Simple et efficace. Clair et pérenne.
Seuils à fixer par le débat démocratique.
Pas de crédit d'impôt sur tel matériel qui profitera surtout au fabricant...

 

Du côté d'EELV

Pascal Durand (EELV) suggère des prix différents pour l'eau selon les usages

In Le Monde.fr avec AFP | 06.07.2012 à 12h30 • Mis à jour le 06.07.2012 à 14h48

Le secrétaire national d'Europe Ecologie-Les Verts (EELV), Pascal Durand, a suggéré, vendredi 6 juillet sur RFI, de tarifer l'eau de façon différenciée selon les usages, insistant sur la volonté de son parti de "ne pas opposer le social à ce qui est bon pour l'énergie".

Interrogé sur sa position face au fait que le premier ministre, Jean-Marc Ayrault, s'oppose à l'augmentation des tarifs du gaz, il a estimé que celui-ci avait "raison de prendre des mesures sociales en urgence" et a défendu le principe de "tarifs sociaux". Il a souligné que concernant l'eau, "il y a des besoins vitaux (...) et qu'un ménage en difficulté doit avoir de l'eau à un prix très faible, car c'est un bien commun".

"IL FAUT ARRIVER À DIFFÉRENCIER L'UTILISATION"

Par contre, a fait valoir le responsable écologiste, "celui qui décide de remplir sa piscine l'été, et c'est son droit le plus absolu d'avoir une piscine, ne doit pas payer l'eau au même niveau que celui qui en a besoin tout simplement pour se laver ou pour laver sa famille tous les jours !".

"Il faut arriver à différencier l'utilisation.
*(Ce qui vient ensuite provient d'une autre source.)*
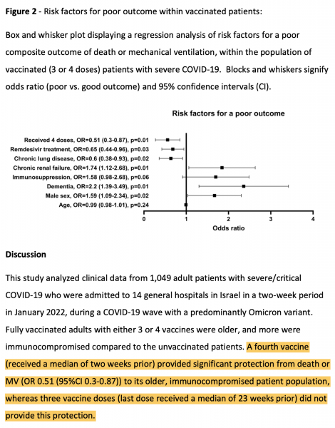 - Das Risiko für Intensivstation mit künstlicher Beatmung oder Tod (primärer Studienendpunkt) war im Falle einer Durchbruchsinfektion mit Omikron im Mittel 160 Tage nach dem ersten booster vergleichbar mit dem Risiko Ungeimpfter [!] (wobei in dieser Studie einmal Geimpfte in dieser Gruppe mitgezählt wurden)

Il y a les utilisations que je qualifierais d'un peu, de loisir, inutiles, ou simplement volontaires, et celles-là doivent être payées à un juste prix, parce que l'eau coûte très cher maintenant !" a-t-il relevé. "Et puis, il y a les besoins sociaux, et ça, ça doit être à des tarifs sociaux", a-t-il conclu.

 

Du côté du PS

http://www.20minutes.fr/bordeaux/968919-20120710-libourne-prix-eau-varie-selon-usages

Les Libournais ne payent pas le même prix pour remplir leurs piscines et pour se désaltérer au robinet. Depuis 2010, une tarification sociale et progressive a été mise en place par la municipalité. Les 15 premiers m³ sont quasi gratuits puisque la mairie estime qu’ils permettent de répondre à un usage vital. Ils sont facturés 0,10 € par m³, et en évoluant le tarif incite à des économies d’énergie.

Sachant qu’un français consomme en moyenne 55 m³ par an, Libourne a mis en place des tarifs différenciés. De 0 à 15 m³ : pour l’eau vitale (boire, se laver) le tarif est de 0,10 euros/m³, de 16 à 120 m³ : dans cette tranche, l’eau est considérée comme utile, son service sera donc facturé 0,70 euros/m³. De 121 à 150 m³ : il s’agit de l’eau de confort (bain, piscine) évaluée à 0,75 euros/m³. Et au delà de 151 m³, l’eau est facturée 0 835 euros/m³

La création d’un tel tarif progressif de l’eau au niveau national fait partie des promesses de campagne de François Hollande. Comme Libourne est l’une des premières communes à l’avoir développé, elle pourrait inspirer le gouvernement.

«L’État doit prendre le relais»

La commune a mis en place une délégation de service public avec une régie de contrôle. En clair, la Lyonnaise, le délégataire, est soumise à un strict cahier des charges et la municipalité reste aux manettes. Les premiers résultats sont encourageants puisque sur l’année 2 011 la consommation d’eau a baissé de 10 % sur la commune et les Libournais ont vu leur facture baissée de 18 € sur l’année. Néanmoins, les habitants n’en ressentent pas encore franchement les effets. « Je vis à Libourne depuis 2008 mais ma facture mensuelle n’a pas diminué. Et si c’est seulement 1,80 par mois de baisse, je ne les ai pas vus », constate cette libournaise.

«Libourne a défriché un chemin mais il faut que le relais soit pris par l’État pour permettre de proposer des tarifs adaptés au plus près de la composition des foyers», estime Philippe Buisson, le maire de la ville. Pour des raisons administratives, la commune ne tient pas compte de cette composition et raisonne pour le moment par foyer. Un fonds social a été mis en place pour corriger les défauts de consommation relevés. Cette gestion, selon Philippe Buisson, coûte bien moins cher aux Libournais qu’une mauvaise régie. Une preuve pour lui qu’il ne faut pas opposer régie et délégation de service public mais insister sur le contenu du cahier des charges.